START DATA EXCERPTS
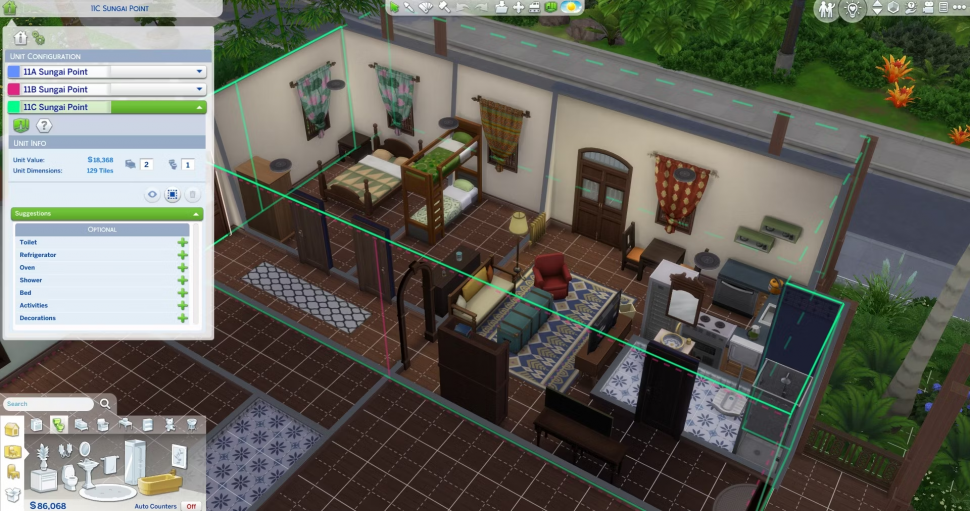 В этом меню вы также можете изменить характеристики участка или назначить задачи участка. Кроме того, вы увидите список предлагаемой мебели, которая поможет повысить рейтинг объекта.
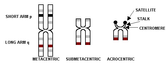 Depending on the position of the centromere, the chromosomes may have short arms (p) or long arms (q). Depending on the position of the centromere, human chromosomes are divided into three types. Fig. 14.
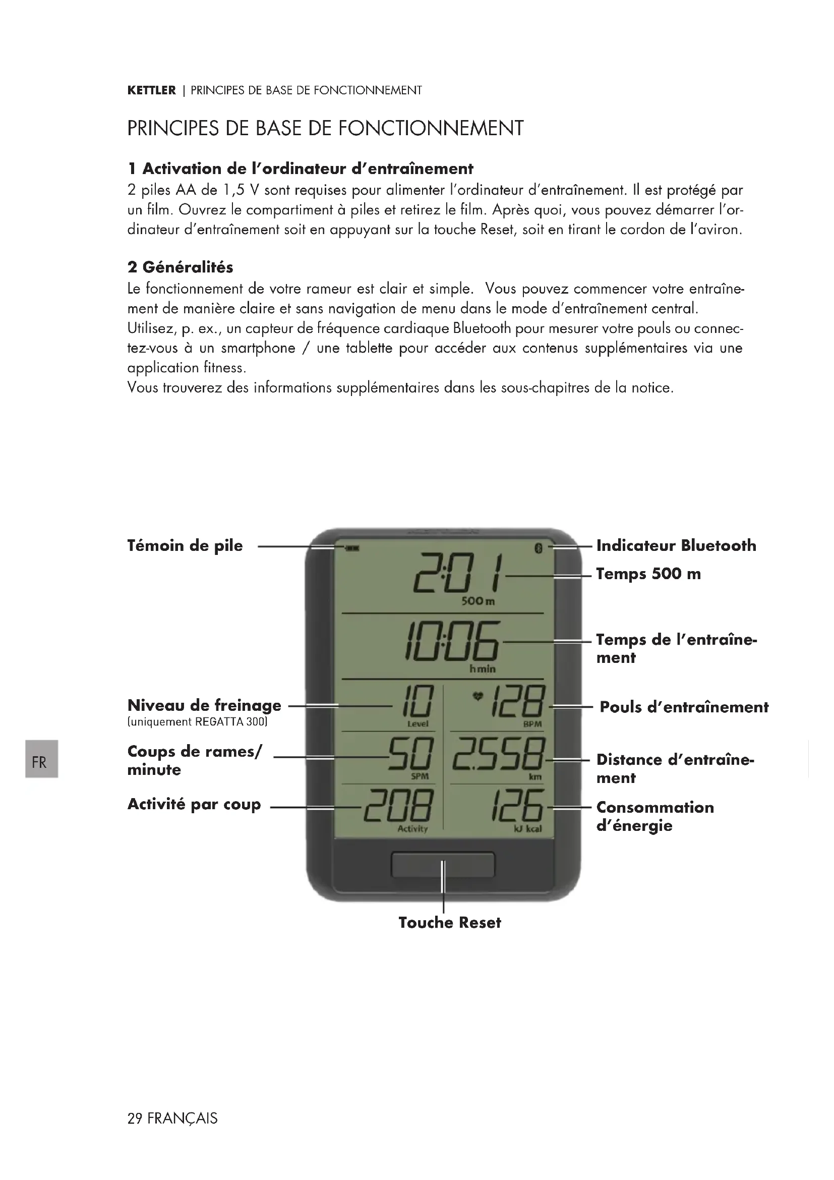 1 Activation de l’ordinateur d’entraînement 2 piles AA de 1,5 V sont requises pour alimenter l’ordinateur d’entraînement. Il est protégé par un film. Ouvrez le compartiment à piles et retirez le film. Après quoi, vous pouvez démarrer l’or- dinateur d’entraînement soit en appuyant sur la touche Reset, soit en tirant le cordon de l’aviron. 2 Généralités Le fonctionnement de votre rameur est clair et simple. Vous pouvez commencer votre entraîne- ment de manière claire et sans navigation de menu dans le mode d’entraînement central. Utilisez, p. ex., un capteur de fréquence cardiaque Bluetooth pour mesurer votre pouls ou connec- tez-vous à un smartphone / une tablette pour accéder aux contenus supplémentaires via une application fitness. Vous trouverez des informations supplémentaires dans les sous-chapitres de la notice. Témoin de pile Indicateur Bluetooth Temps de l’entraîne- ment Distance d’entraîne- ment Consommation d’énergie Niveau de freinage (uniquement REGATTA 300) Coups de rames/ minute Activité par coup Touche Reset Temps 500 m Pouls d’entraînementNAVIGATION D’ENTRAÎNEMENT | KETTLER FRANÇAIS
END DATA EXCERPTS
START DATA EXCERPTS
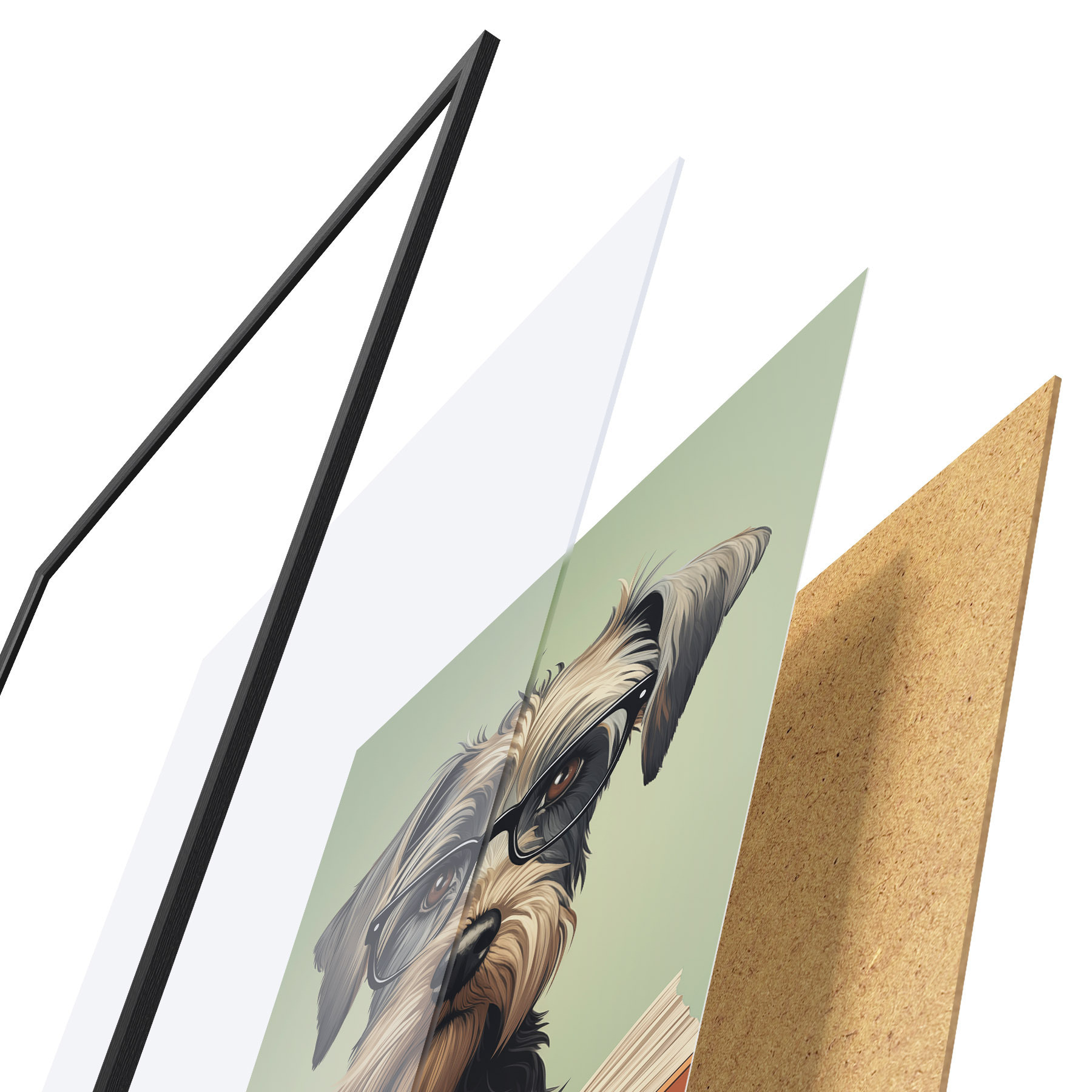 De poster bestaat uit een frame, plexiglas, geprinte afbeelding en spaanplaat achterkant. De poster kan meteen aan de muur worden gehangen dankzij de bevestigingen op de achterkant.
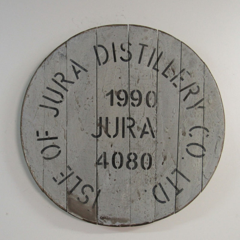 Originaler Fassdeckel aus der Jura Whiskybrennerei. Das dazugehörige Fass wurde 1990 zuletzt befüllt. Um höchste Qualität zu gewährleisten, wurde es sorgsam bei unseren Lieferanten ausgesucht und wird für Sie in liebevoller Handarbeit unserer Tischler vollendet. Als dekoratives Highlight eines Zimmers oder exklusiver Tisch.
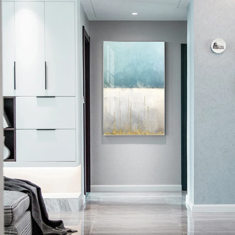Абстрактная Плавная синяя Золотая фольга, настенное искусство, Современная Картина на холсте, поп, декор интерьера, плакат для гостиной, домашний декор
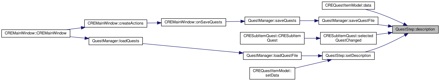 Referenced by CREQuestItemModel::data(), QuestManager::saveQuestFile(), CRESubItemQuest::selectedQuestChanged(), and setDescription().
END DATA EXCERPTS
START DATA EXCERPTS
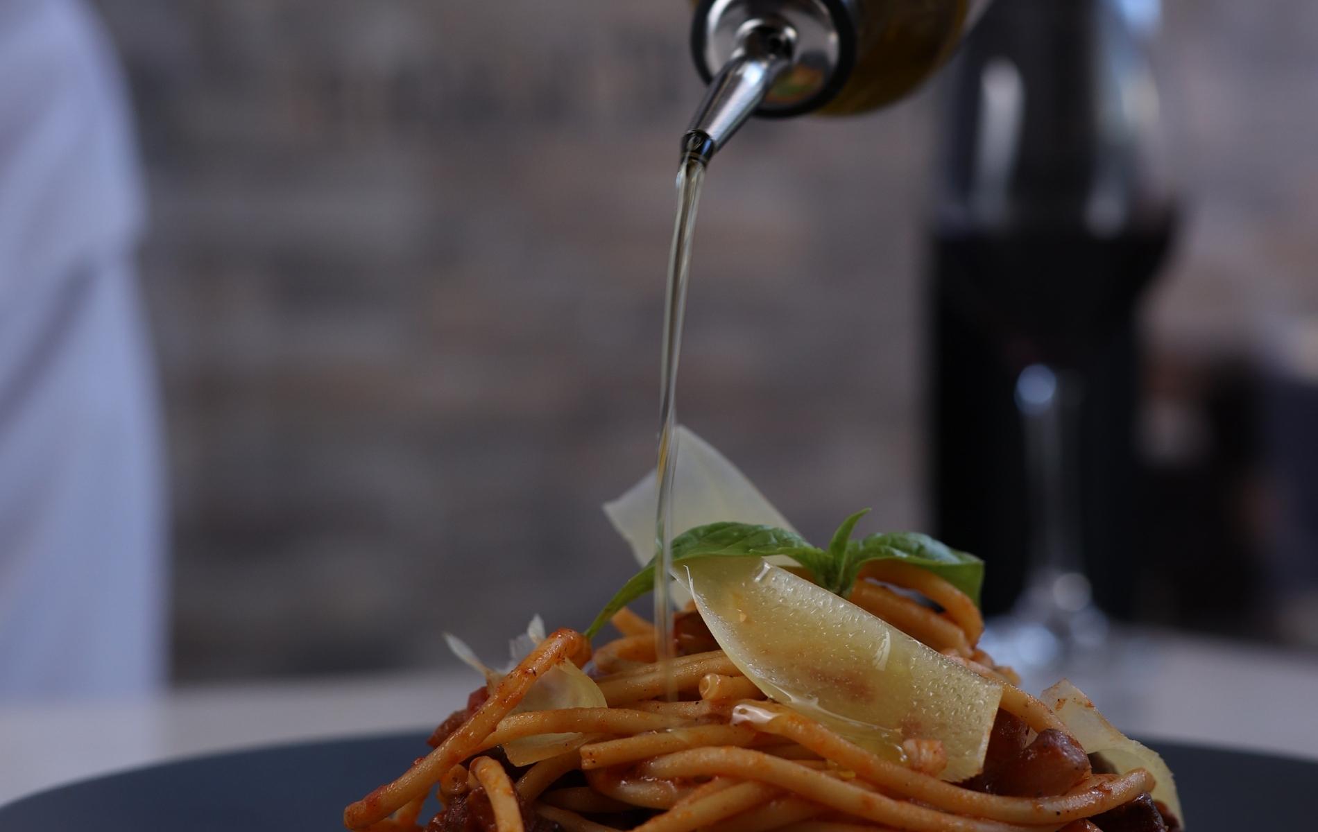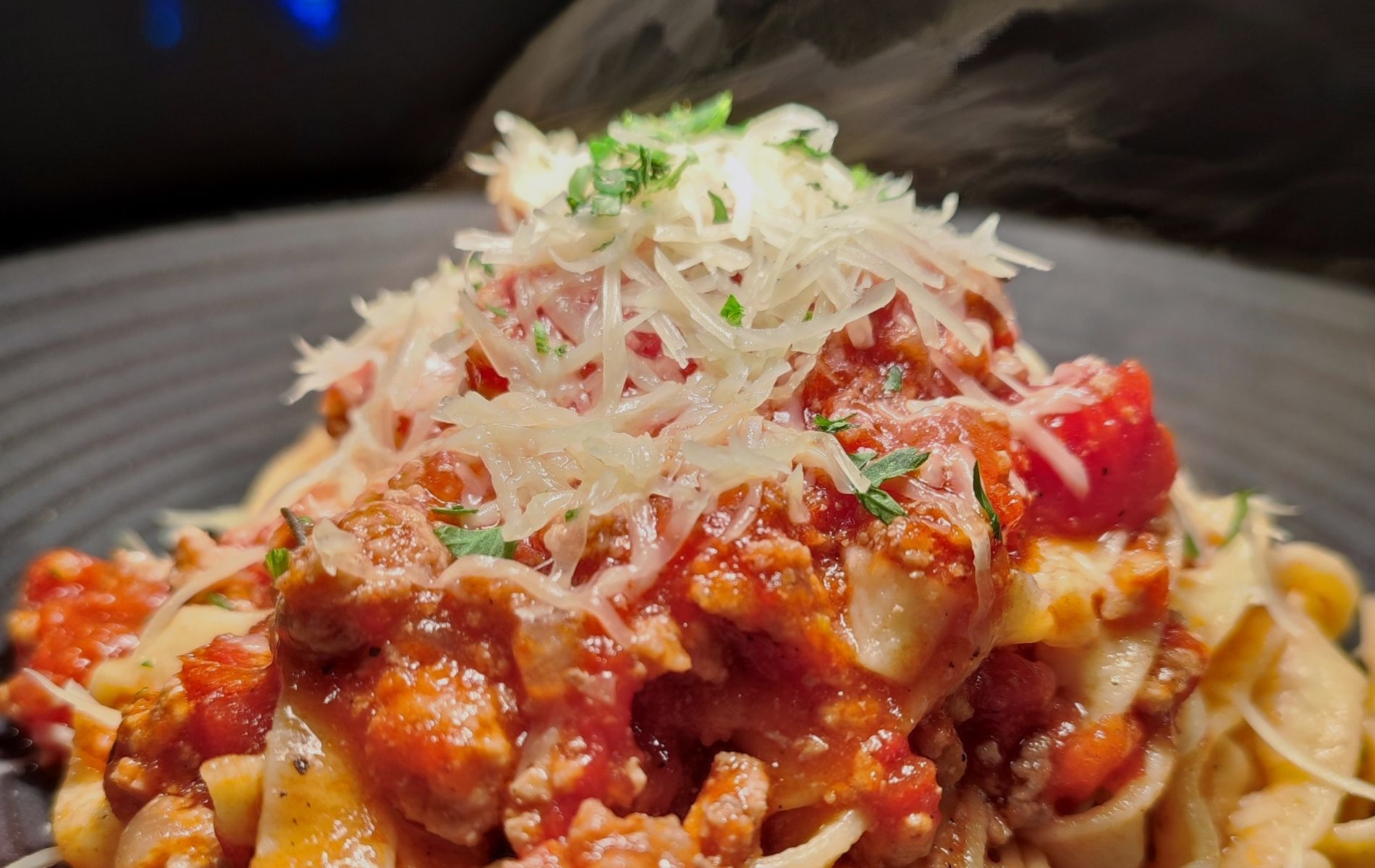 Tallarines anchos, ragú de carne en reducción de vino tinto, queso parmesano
END DATA EXCERPTS
WORK REQUIRED —
In the listing above, find the line containing "Абстрактная Плавная синяя" and the line containing "CRESubItemQuest::selectedQuestChanged(), and setDescription()."; print those lines and every line between them exactly, leaving out pictures.

ANSWER SPACE —
Абстрактная Плавная синяя Золотая фольга, настенное искусство, Современная Картина на холсте, поп, декор интерьера, плакат для гостиной, домашний декор
 Referenced by CREQuestItemModel::data(), QuestManager::saveQuestFile(), CRESubItemQuest::selectedQuestChanged(), and setDescription().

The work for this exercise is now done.